[PATCH] D50433: A New Divergence Analysis for LLVM

Fri Aug 10 05:34:38 PDT 2018

simoll added a comment.

In https://reviews.llvm.org/D50433#1195085, @alex-t wrote:

> Yes, my approach requires pre-computation of post-dominance sets. Nevertheless, no predecessor walk is necessary. I compute the PDT sets using Cooper's "2 fingers" algorithm that uses linear walk of the post-dominator tree.
>  Given that the post-dominator tree is already used by the previous passes and has been constructed before the overhead is relatively small.

Ok. You still materialize the PDT sets per join point even before you know if any branch is divergent. I agree that the pre-processing cost should be negligible in the big picture. Btw, i suspect you technique could be made lazy as well.

> In fact I don't use non-filtered PDT as well. I should have describe the algorithm in more details.
>  I really use the set difference between the value source block and PHIs parent block.
> Namely:
> 
> additional "operands" set is computed as the join
> 
> for each PHI incoming value we consider the value source block post-dominance frontier. We take from it only blocks that are NOT in the post-dominance frontier of the join (PHIs) block.
>  That is the way to exclude those divergent branches that are common between the value source block and the join block.
> 
> The result set is the JOIN of the all input values difference sets.

How do you deal with terminators that have more than two successors? Example:

  switch (divInt) {
    case 0:
     v = 1.0; break;
    case 1:
     v = 20.0; break;
    default:
    // do stuff (block D)
    return;
  }
  // do other stuff, using 'v' (J)

  +----A----+
  |    |    |
  C0  C1    D
  \   |    [..]
   \  |
     J

J is control-dependent on A. Therefore, you will erase A from the PDT sets of C0 and C1. However, there exist two disjoint paths from A to J through C0 and C1, which make PHI nodes in J divergent.
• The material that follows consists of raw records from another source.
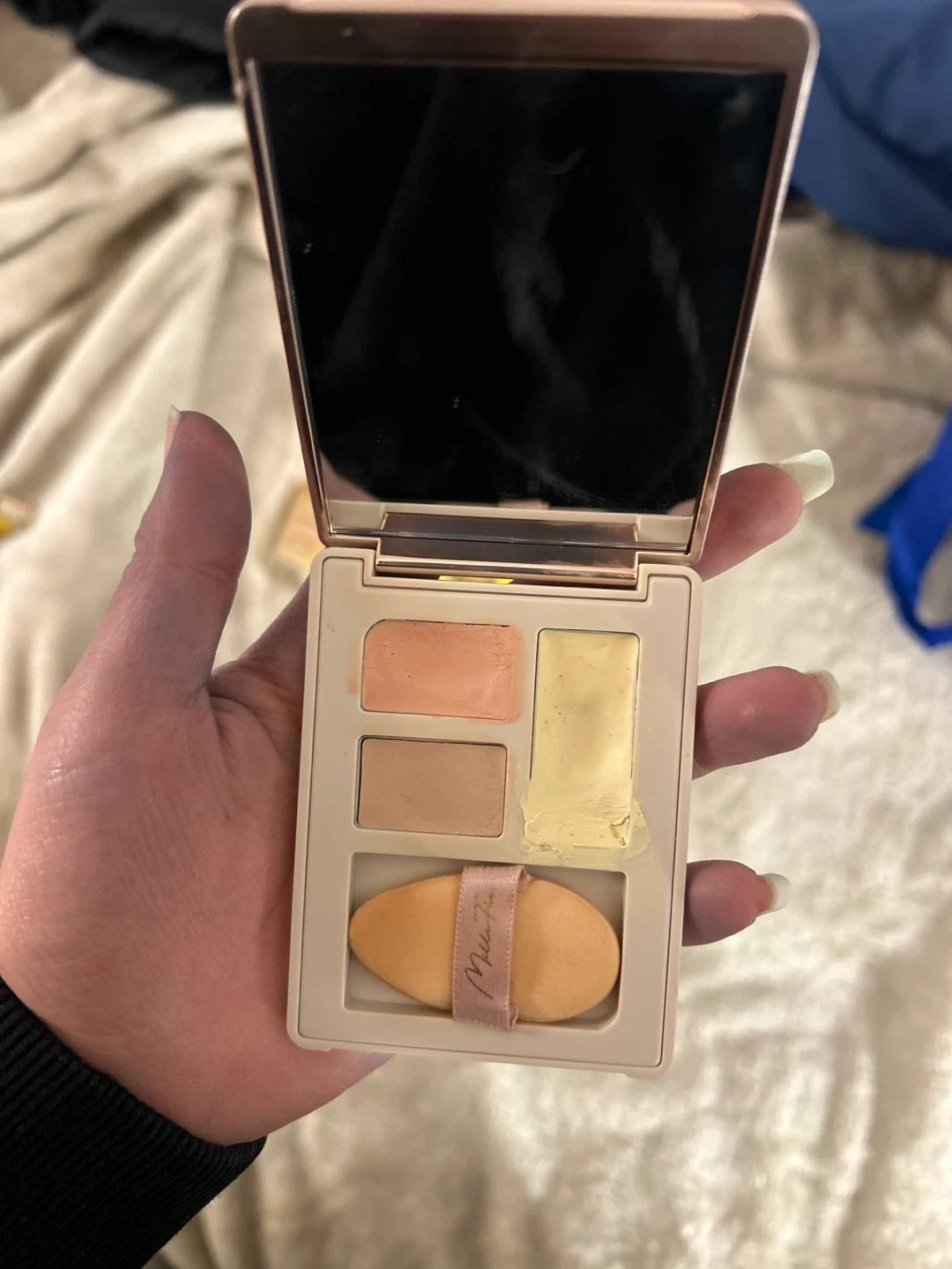 A palette with three shades of concealer and a brightening shade. Includes a sponge applicator. Perfect for color correcting blemishes and dark circles!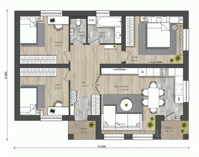 Общая площадь105 м2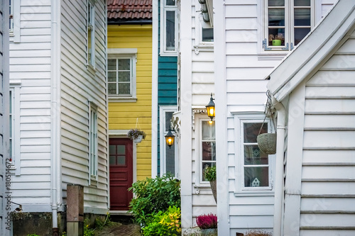 © Pav-Pro Photography , Obraz premium Traditional white houses in the old part of Bergen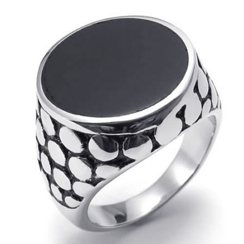 KONOV Gioielli Anello da Uomo, Anelli, Sigillo Stile Retro, Gotico, Acciaio Inossidabile, Nero Argento - 17 (con Borsa Regalo)

> Unfortunately, I cannot paste here the formal definition that would look more comprehensive just because I have no idea how to insert TEX or another mean of writing equations here :)

Funny enough there is support for stuff like "[ctrl] + [alt] + [del]" but i couldn't find any for math ;)

> Okay. Let's say on iteration N we compute the branch divergence as 1 (divergent). We mark all the joins as divergent.
>  The question is which iteration the PHIs users are updated? For the PHIs that are dominated by the branch, I guess, users will be updated in the same iteration because by the moment PHIs are processed they already have the "divergent" flag.

After `DA::UpdatePHINode` has computed a new divergence value for the PHI node it will put all users of the PHI-node on the worklist.
That mechanism is purely worklist based and independent of dominance.
The DA side of divergence propagation is implemented in `DA::propagateX(..)` methods where X=`Loop|Branch|Join`. The `Loop` and `Branch` variants are basically the same.

> If the branch is the back edge source we have to iterate once more to propagate the sync divergence to the loop header and body. Is this correct?

Let's talk about loops :)

join points inside loops
------------------------

In reducible loops all live threads re-converge at the loop header. That means we can compute the sync dependences from a branch inside the loop in a single pass: if we kept iterating, we wouldn't detect any new join points (inside the loop).
One detail: we don't need to revisit the header because the SDA works in a "push" mode (e.g. the header "tag" is updated whenever a predecessor is processed).

join points outside the loop of the branch
------------------------------------------

In our nomenclature that kind of branch (divergent branch as back edge source (if the other successor is not post-dominated by the header..)) triggers a divergent loop exit.
Branches cause loop divergence if there is a disjoint path from the branch to a block outside the loop and another one back to the header.
So, a loop can well become divergent even though all immediate loop exiting branches are uniform (shown in the `hidden_loop_diverge` test of `test/Analysis/DivergenceAnalysis/AMDGPU/hidden_loopdiverge.ll`).
In that case, the entire loop becomes divergent (as far as the DA in this patch is concerned), meaning it can spew out divergent threads through all its loop exits.
That in turn means that there could be additional join points of divergent control outside the loop (as happens in the test case).
To that end, if a loop is first marked as divergent, we pretend it was a single node in the CFG with a divergent terminator (see `SDA::join_blocks(const Loop&)`, which does pretty much the same as its twin for `TerminatorInst`s).

Repository:
  rL LLVM

https://reviews.llvm.org/D50433